Больше всего боялись за Аурику, определив ее как самое слабое звено в семейной цепочке. А она держалась и даже через силу шутила, когда Михаил Кондратьевич, стиснув зубы, чтобы не застонать от боли, просил выйти из комнаты.
– Гонишь холопку, барин? – поднималась со стула величественная Аурика и хмурила свои соболиные брови. – Али не угодила? – басом вопрошала она и тяжело шла к двери, не смея обернуться, потому что знала, как тот будет грызть подушку или костяшки пальцев, пока не приедет осунувшаяся Алечка и не поставит ему долгожданный укол. Непонятно, из каких соображений, но профессор отказывался от обезболивающего, хотя оно было ему показано несколько раз в день. И только тогда, когда боль «разрезала» его бедное тело напополам, в виде исключения он позволял ввести ему лекарство, приносящее временное облегчение.
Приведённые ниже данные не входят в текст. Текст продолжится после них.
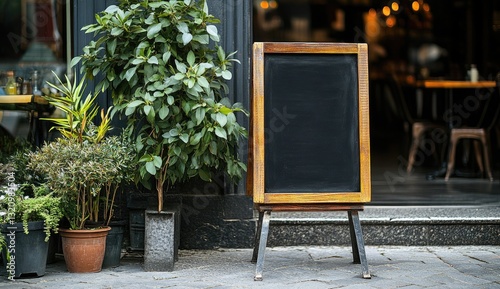 Empty chalkboard menu board outside a cafe. Lush greenery adds charm
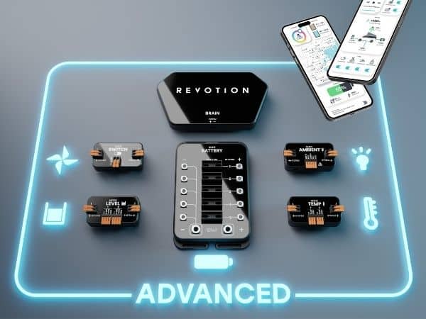 Behalte Deinen Camper immer digital im Blick mit dem Advanced Bundle von Revotion. Es beinhaltet alle Basismodule einmal und macht so jede Funktionalität Deines Reisemobils smart: von präzisen Tankfüllständen über die Batterieüberwachung bis hin zur Lichtsteuerung. Die Bedienung erfolgt bequem per Smartphone – wann und wo Du willst.
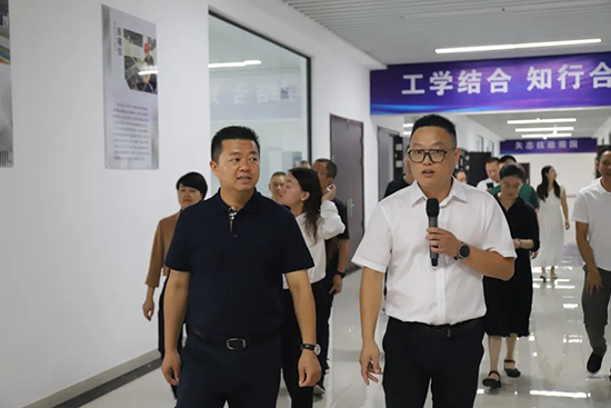 在產教融合大樓,考察組實地觀摩了學校校企合作成果“通軸門智能化無人產線”,并紛紛駐足欣賞藝術與技術結合下的“特色門”。隨后,考察組移步模具智能制造中心與智能控制類學習工作站,深入了解了學校在校企合作、產教融合領域所取得的階段性成果。

Вскоре исключения превратились в закономерность, и сестры потребовали от Альбины Михайловны срочно обучить их этому нехитрому искусству. «Нет! – тут же запретила Аурика любую образовательную деятельность, мотивировав это тем, что никого не допустит к своему Коротичу. – Достаточно нам и Альки. Еще не хватало, чтобы девчонки мужику уколы ставили!»
«Какая разница кто», – хотела опротестовать материнский вердикт Наташа, но под нажимом Алечки быстро успокоилась вместе с остальными сестрами. Единственной, кто никак не мог смириться с происходящим, стала Полина, специально поехавшая в родную деревню к знаменитой травнице Онисье.
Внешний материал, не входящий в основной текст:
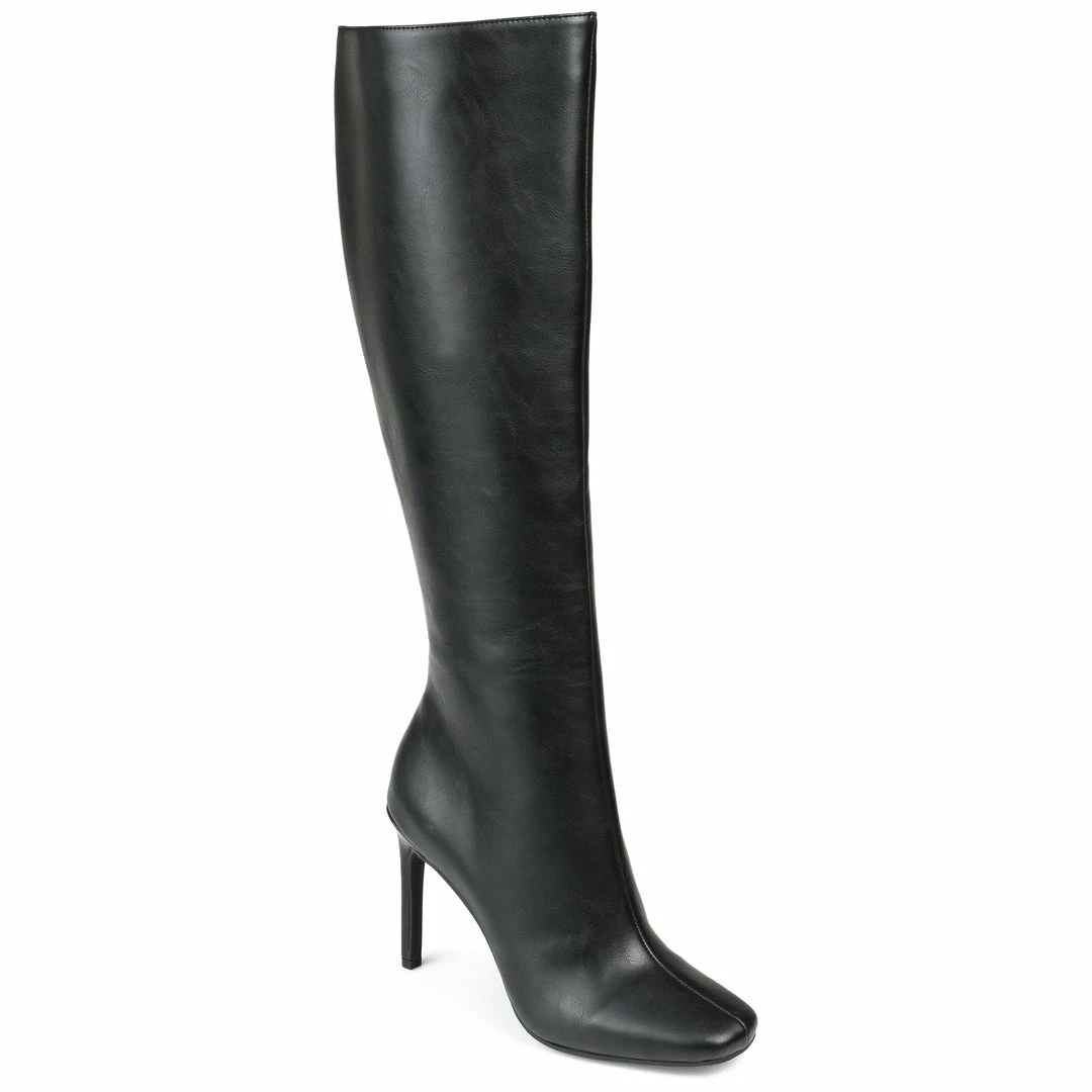 Take your boot collection to new heights with this square-toed boot detailed with a wide-calf.

– Разрешите, Аурика Георгиевна, – слезно молила она хозяйку, наивно полагая, что народные снадобья отменят приговор официальной медицины.
– Поля, – смотрела на помощницу сухими, словно обезвоженными совсем глазами Аурика. – Все бесполезно. Аля колет Мише морфий. На что ты надеешься?
– Надеяться никогда не грех! – изо всех сил сопротивлялась очевидному Полина и ссылалась на какие-то брошюры, приобретенные ею на книжных развалах: «Как победить рак?», «Рак излечим» и т. д. – Поеду к тетке Онисье, спрошу. Хуже ведь не будет!
– Как хочешь, – устало отмахивалась от беспокойной домработницы Аурика Георгиевна и, глотнув чаю, шла к мужу в комнату.
Из деревни Полина вернулась окрыленная, словно в храме побывала.
– Вот, – протянула она хозяйке наполненную каким-то зелено-коричневым прозрачным раствором склянку.
– Что это? – безэмоционально поинтересовалась Аурика.
– Болиголов, – объявила Полина. – Верное средство. Стольких людей к жизни вернул, мне тетка Онисья рассказала. Кровь чистит. Но – яд! По каплям пить надо. От одной до сорока, а потом – вниз. И так три курса.
Аурика Георгиевна посмотрела на домработницу, как на полоумную, и покрутила пальцем у виска:
– Сама иди к нему. Уговаривай.
Уговаривать профессора не пришлось. Он легко согласился принимать чудо-средство, понимая, что скоро умрет. Но мысль о том, что Полина ради него ездила к себе в деревню, к какой-то травнице, настолько его умиляла, что он сопротивляться не стал и послушно открыл рот для первой капли.
– Тошнить может, – предупредила его Полина. – Тетка Онисья сказала.